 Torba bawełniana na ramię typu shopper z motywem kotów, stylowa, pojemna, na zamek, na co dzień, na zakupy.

------------------------------------

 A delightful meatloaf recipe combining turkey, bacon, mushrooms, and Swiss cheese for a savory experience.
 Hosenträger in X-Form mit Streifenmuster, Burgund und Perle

------------------------------------

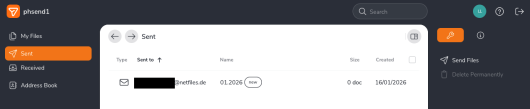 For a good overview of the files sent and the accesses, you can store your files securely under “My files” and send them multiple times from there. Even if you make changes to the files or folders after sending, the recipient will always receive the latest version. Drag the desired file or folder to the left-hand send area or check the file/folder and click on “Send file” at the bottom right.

------------------------------------

WORK TO BE COMPLETED -
Reproduce exactly the lines of the records above from the one with "A delightful meatloaf" to the one with "Hosenträger in X-Form", both included, and leave out everything else.

SOLVED PROBLEM -
 A delightful meatloaf recipe combining turkey, bacon, mushrooms, and Swiss cheese for a savory experience.
 Hosenträger in X-Form mit Streifenmuster, Burgund und Perle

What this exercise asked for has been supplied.